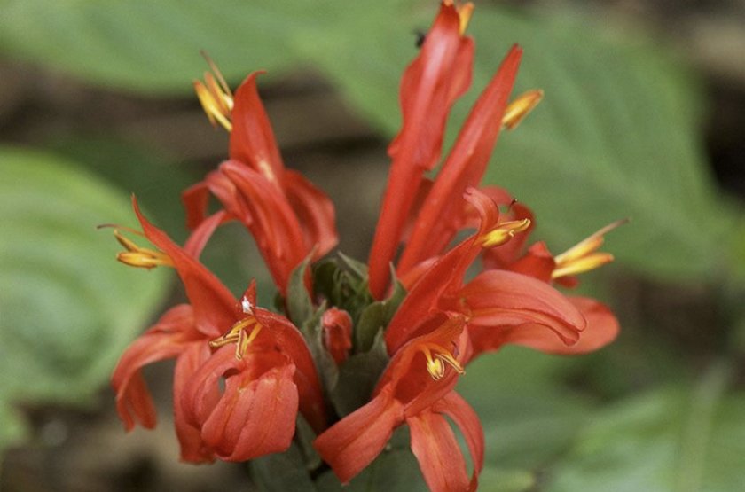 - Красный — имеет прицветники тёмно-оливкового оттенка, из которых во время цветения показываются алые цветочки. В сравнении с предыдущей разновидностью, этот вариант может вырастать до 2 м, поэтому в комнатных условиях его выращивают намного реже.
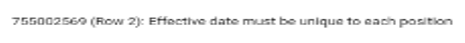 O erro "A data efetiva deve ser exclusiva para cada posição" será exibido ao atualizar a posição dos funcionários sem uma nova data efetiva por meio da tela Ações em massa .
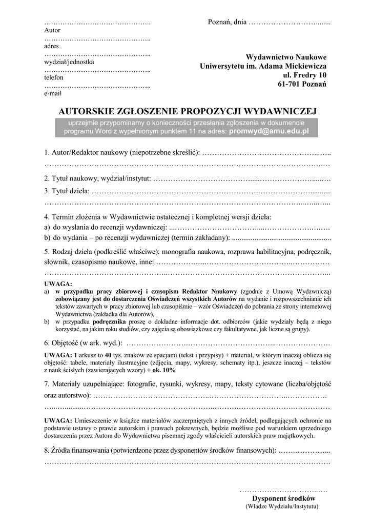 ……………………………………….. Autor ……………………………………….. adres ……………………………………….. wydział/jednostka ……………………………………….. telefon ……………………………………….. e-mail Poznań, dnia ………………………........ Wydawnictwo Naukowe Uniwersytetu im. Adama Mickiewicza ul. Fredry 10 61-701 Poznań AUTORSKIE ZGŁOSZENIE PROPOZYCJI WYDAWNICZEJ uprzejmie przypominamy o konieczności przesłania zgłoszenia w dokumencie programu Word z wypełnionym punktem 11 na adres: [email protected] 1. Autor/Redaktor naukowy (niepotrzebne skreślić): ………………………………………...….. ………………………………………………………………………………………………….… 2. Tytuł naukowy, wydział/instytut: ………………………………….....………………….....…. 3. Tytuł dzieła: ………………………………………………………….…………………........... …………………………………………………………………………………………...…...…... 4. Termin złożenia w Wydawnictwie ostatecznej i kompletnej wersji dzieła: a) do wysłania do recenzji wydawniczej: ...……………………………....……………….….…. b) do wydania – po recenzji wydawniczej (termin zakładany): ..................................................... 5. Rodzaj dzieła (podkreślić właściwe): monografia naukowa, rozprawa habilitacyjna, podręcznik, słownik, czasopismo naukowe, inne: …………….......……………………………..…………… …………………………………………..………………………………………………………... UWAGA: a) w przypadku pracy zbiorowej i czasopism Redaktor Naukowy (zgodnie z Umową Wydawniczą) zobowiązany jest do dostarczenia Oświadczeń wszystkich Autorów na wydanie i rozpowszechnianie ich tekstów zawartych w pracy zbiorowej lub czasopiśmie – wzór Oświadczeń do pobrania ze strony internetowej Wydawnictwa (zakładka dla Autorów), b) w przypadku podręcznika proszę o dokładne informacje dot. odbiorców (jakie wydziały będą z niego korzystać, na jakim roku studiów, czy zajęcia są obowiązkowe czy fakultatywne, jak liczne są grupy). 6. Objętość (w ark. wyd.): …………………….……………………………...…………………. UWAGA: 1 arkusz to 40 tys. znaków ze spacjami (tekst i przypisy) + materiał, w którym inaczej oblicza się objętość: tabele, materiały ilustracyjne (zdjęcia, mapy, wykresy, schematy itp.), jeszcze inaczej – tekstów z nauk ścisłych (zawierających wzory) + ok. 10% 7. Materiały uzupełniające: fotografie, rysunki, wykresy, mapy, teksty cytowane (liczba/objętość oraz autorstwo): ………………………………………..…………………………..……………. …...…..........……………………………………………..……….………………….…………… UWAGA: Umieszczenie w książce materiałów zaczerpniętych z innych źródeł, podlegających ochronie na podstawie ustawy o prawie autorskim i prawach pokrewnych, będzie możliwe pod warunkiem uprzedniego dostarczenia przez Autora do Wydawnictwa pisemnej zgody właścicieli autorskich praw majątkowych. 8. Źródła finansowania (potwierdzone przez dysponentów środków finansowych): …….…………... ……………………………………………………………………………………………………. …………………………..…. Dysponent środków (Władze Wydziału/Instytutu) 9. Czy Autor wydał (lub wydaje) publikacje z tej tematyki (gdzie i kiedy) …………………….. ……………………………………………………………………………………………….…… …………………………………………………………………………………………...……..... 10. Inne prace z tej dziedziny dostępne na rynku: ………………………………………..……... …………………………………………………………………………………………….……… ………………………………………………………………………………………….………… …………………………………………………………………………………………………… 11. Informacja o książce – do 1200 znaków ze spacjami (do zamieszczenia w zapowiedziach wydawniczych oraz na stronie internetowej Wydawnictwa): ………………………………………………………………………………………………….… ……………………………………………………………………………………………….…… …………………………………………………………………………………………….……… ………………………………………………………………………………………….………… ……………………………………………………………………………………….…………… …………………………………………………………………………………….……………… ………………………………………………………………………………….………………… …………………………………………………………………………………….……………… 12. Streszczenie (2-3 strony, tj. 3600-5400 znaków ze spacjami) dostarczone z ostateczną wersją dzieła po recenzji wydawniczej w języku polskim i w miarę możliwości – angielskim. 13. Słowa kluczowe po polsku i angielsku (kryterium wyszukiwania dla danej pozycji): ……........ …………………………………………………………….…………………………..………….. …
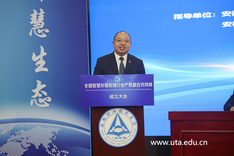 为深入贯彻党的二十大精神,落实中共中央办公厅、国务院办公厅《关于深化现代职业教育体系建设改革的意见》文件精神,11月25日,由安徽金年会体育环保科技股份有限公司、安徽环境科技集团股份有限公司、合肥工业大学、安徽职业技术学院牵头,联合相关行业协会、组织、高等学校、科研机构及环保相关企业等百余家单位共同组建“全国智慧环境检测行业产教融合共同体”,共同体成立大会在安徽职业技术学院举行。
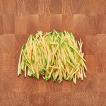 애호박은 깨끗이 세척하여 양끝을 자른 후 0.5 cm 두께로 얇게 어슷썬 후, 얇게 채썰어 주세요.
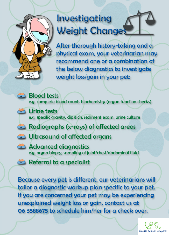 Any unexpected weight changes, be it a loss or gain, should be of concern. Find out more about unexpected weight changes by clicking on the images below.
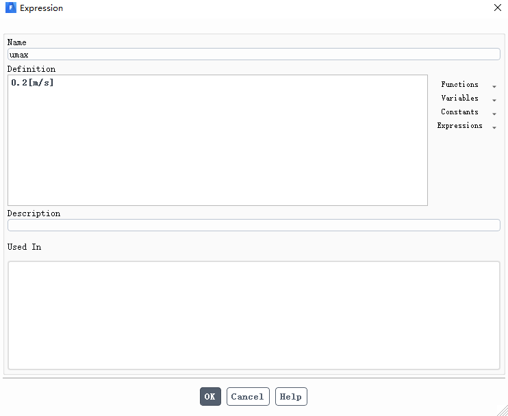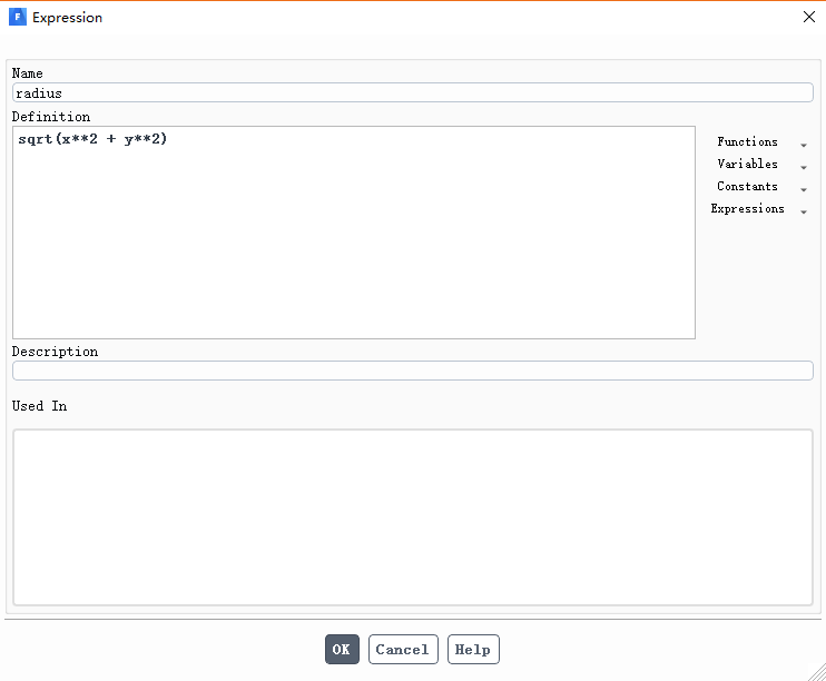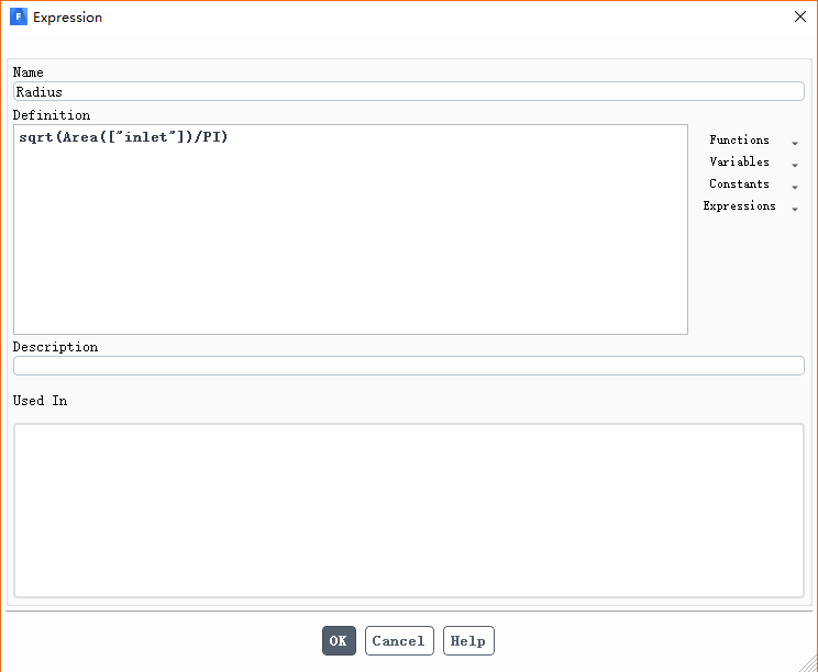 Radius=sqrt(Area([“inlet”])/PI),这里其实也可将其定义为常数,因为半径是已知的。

------------------------------------------------------------------------

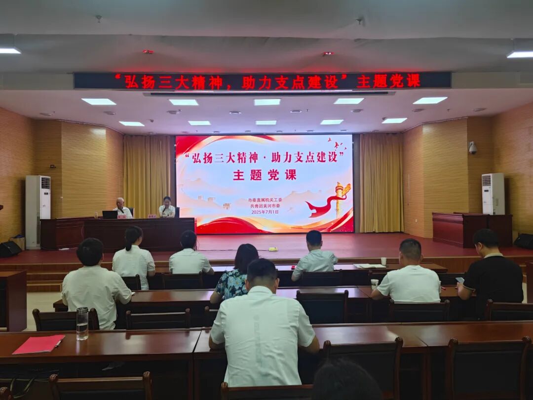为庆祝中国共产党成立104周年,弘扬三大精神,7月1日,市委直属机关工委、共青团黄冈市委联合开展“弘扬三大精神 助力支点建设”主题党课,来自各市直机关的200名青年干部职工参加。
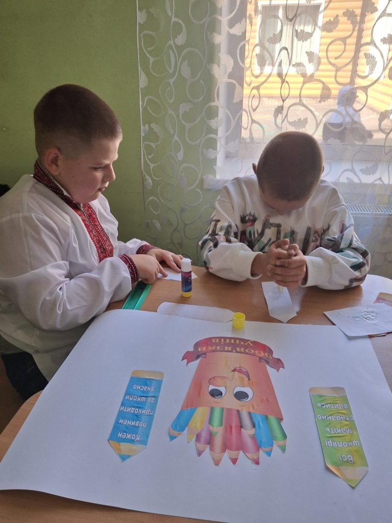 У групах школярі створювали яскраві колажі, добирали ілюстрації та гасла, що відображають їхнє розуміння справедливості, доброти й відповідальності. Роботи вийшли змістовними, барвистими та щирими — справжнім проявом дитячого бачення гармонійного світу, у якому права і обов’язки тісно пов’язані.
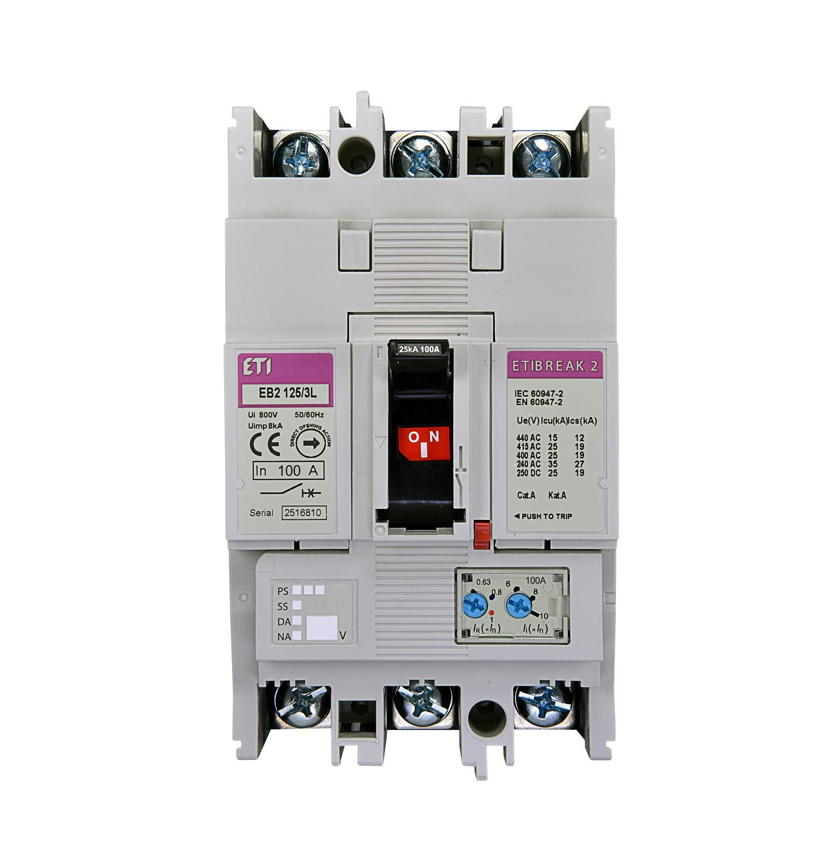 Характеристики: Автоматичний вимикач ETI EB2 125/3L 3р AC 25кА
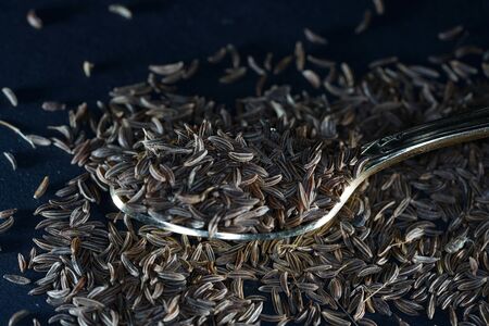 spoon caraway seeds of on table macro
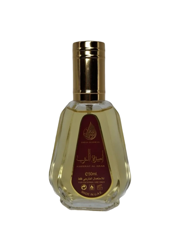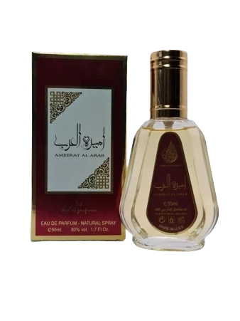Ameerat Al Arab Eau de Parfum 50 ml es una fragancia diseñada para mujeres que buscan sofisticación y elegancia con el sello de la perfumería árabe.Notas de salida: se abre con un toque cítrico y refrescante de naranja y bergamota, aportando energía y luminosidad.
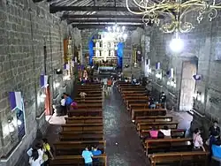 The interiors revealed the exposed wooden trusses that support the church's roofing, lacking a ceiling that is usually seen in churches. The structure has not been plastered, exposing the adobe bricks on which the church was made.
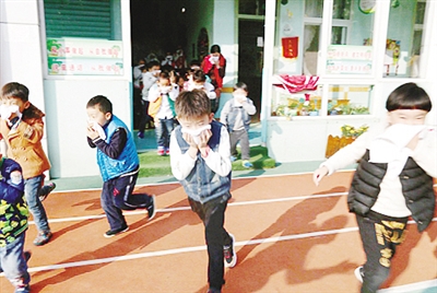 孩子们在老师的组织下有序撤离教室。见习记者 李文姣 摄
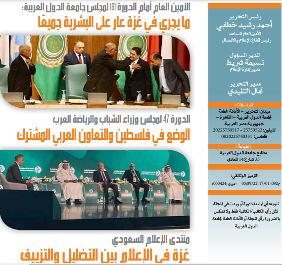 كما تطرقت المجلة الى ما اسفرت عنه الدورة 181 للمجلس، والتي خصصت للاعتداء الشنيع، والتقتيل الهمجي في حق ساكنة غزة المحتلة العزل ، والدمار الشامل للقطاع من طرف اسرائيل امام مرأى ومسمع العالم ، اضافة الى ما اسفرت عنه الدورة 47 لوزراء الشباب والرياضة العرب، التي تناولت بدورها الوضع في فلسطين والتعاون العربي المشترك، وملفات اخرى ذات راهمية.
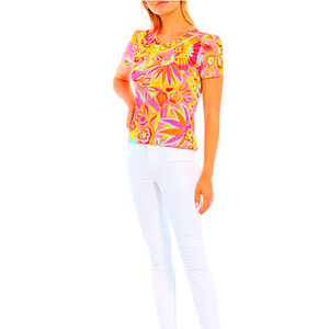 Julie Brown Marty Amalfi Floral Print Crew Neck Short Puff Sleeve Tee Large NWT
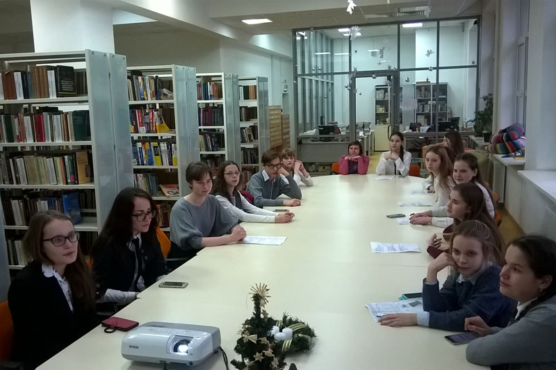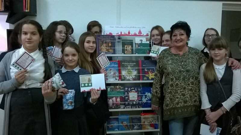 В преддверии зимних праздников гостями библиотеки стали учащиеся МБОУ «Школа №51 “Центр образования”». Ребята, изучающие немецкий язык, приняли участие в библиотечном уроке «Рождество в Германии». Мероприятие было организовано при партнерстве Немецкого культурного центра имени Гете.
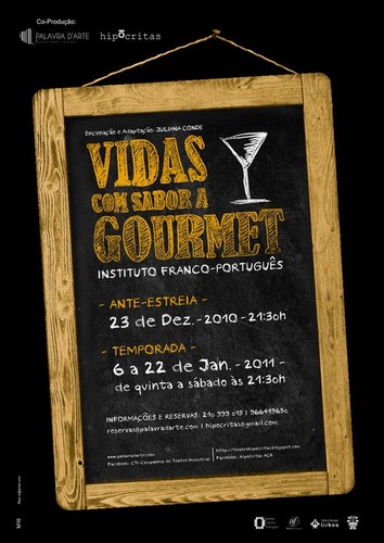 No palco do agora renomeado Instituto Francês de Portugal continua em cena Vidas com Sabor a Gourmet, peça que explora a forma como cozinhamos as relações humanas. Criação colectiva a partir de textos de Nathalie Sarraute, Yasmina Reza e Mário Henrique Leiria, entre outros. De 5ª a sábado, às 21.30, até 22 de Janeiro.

------------------------------------------------------------------------

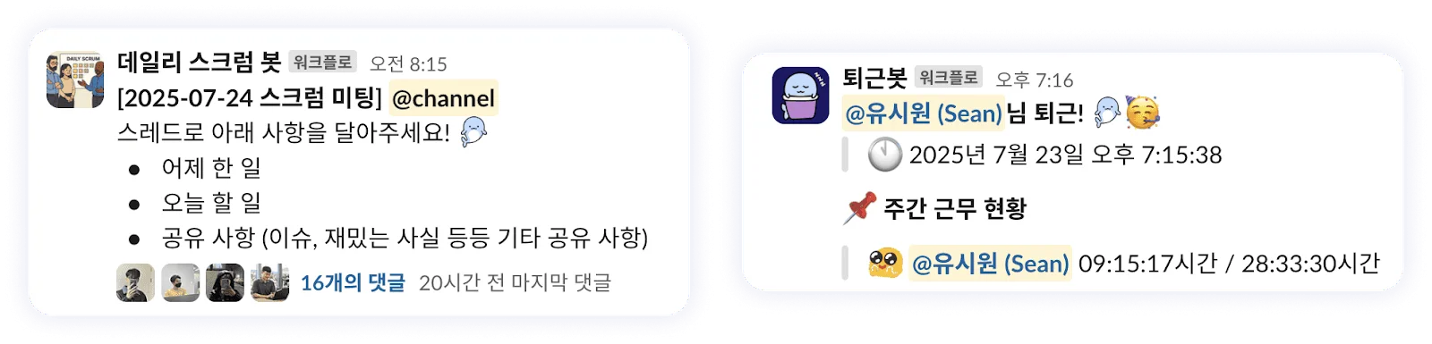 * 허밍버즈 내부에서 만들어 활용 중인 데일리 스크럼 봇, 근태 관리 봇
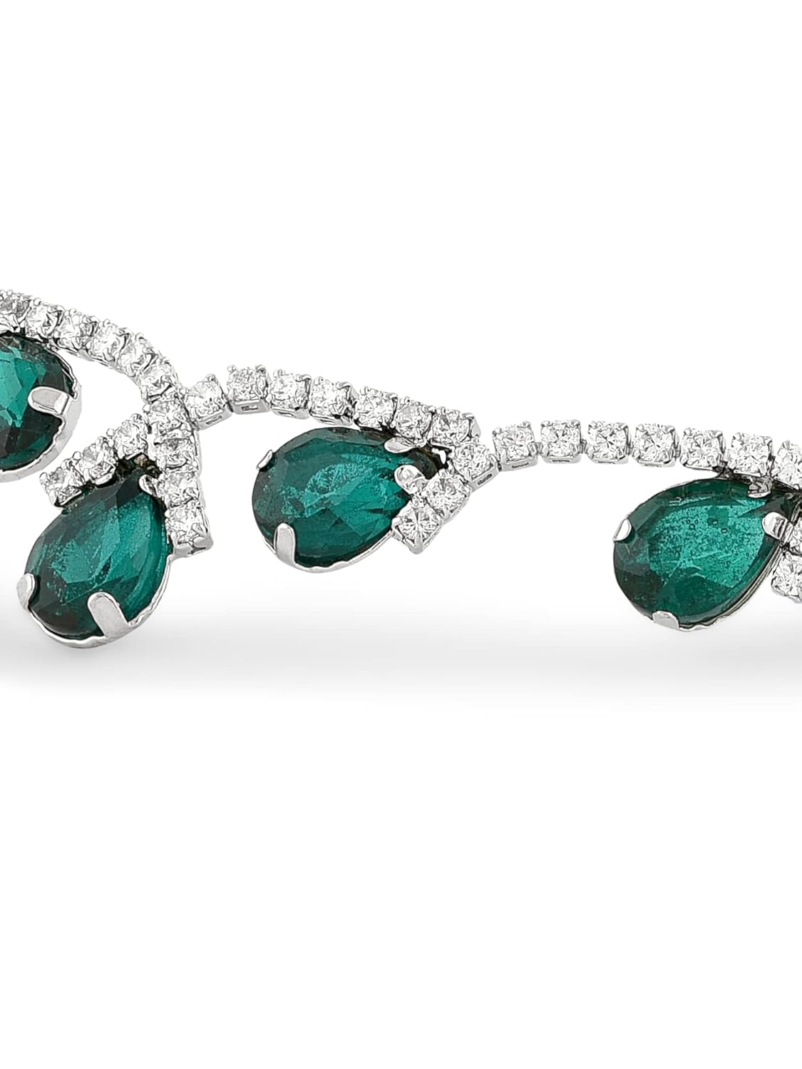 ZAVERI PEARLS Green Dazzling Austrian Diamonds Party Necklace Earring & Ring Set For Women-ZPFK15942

------------------------------------------------------------------------

- _Task statement_
Retype, exactly and with no pictures, everything above from the line with "스크럼 봇, 근태 관리 봇" down to the line with "ZAVERI PEARLS Green", both included.

- _Output of the exercise_
 * 허밍버즈 내부에서 만들어 활용 중인 데일리 스크럼 봇, 근태 관리 봇
 ZAVERI PEARLS Green Dazzling Austrian Diamonds Party Necklace Earring & Ring Set For Women-ZPFK15942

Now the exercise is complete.